The final technology that could pop up again someday is the early plutonium reprocessing chemistry.  While most of you are probably familiar with the PUREX (PlUtonium URanium EXtraction) used today, there were several systems that preceded it.  The process that produced the early plutonium bombs used bismuth phosphate to extract the uranium and plutonium from the dissolved fuel rods.  This was replaced in 1952 by the REDOX (REDuction / OXidation) process which used methyl isobutyl ketone as a solvent.  Both processes have their disadvantages (explosive ones in the case of REDOX) they share an advantage in that they don’t use Tributyl phosphate which is internationally regulated.

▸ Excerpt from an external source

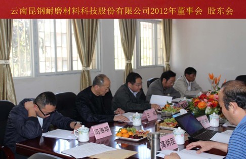 2012年3月24日,云南昆鋼耐磨材料科技股份有限公司首屆董事會(huì)第七次會(huì)議、股東會(huì)第五次會(huì)議在黑林鋪前街59號(hào)團(tuán)鋼廠院內(nèi)(原團(tuán)鋼子弟小學(xué))3樓會(huì)議室勝利召開。會(huì)議由董事長(zhǎng)李亞鵬召集和主持,云南昆鋼重型裝備制造集團(tuán)有限公司董事長(zhǎng)兼總經(jīng)理黃開萬(wàn)、昆明新云欽耐磨材料總廠董事長(zhǎng)馮煥欽、昆明理工大學(xué)材料科學(xué)與工程學(xué)院院長(zhǎng)蔣業(yè)華等董事及云南昆鋼耐磨材料科技股份有限公司領(lǐng)導(dǎo)出席了會(huì)議。

It’s been said that the stone age didn’t end for a lack of stones, and likewise the technologies I’ve mentioned above weren’t discarded because they don’t work.  In most cases something better came along and replaced them.  As the Baghdadtrons demonstrated they can pop up at any time if we forget to look for them!

Comments

  1. Jeannick (History)

    Very interesting , especially the calutrons
    It bring some possible light on the 20% enrichment risk
    I believe the silver from the magnet was eventually returned to the Fed with astonishing small losses

  2. Brian Baldridge (History)

    I had no idea that the uranium for the Manhattan Project came from non-domestic sources. Thanks for teaching me something today!

    • Chris Camp aka Cthippo (History)

      I believe much of the uranium used in the Manhatten project came from the Belgian Congo and was spirited out clandestinely ahead of the German invasion. From what I understand there is quite a spy thriller story behind that, but I haven’t taken the time to look it up.

      At the outbreak of World War 2 Uranium was not a commercial commodity and was produced only as a byproduct of radium mining. I believe the only two known sources were the joachimsthal mines in Czechoslovakia and the Union Minere mines in Africa, both of which were in German hands by 1941. The only commercial scale heavy water plant in the world at the time was in Norway, which was also German occupied. These facts, thin as they were since no one knew if a fission chain reaction was even possible, led directly to the fear that the Germans were ahead of the US in building a bomb.

      During the war uranium was discovered in Canada and this supplied the US and British programs until the 1950s, at which point reserves were found in the American southwest.

  3. FlamesInTheDesert (History)

    Dont forget the vortex tube,the south africans used it for enriching the fuel for both their power reactors and bombs

    • Chris Camp aka Cthippo (History)

      That’s a another good one I didn’t think of. If I understand it right it’s sort of a centrifuge in reverse, correct?.

  4. JO (History)

    Never heard of the hydride bomb before. Was there any mention of Deuterium/Tritium hydride combinations? A moderated thermonuclear thingummy?

    • Chris Camp aka Cthippo (History)

      You hit the nail on the head!

      The moderating effect of the hydrogen was supposed to increase the efficiency of the reaction and reduce the amount of fissile material needed. I believe the plan was to use deturide because it doesn’t absorb neutrons the way hydride does. Using tritium would increase efficiency, but at the tritium was only available in small quantities and then only at the cost of lost plutonium production.

      The advantages of the hydride bomb disappeared when the US finally mastered industrial scale HEU and plutonium production and bomb fuel was no longer in short supply. The success of the thermonuclear tests also contributed because up to that point it was feared that hydrogen bombs would require kilograms or even tens of kilograms of tritium each and so the US would have to convert all of it’s plutonium production reactors to making tritium. Once we became good at making lots and lots of weapons grade fuel the need for designs that minimized it’s use went away.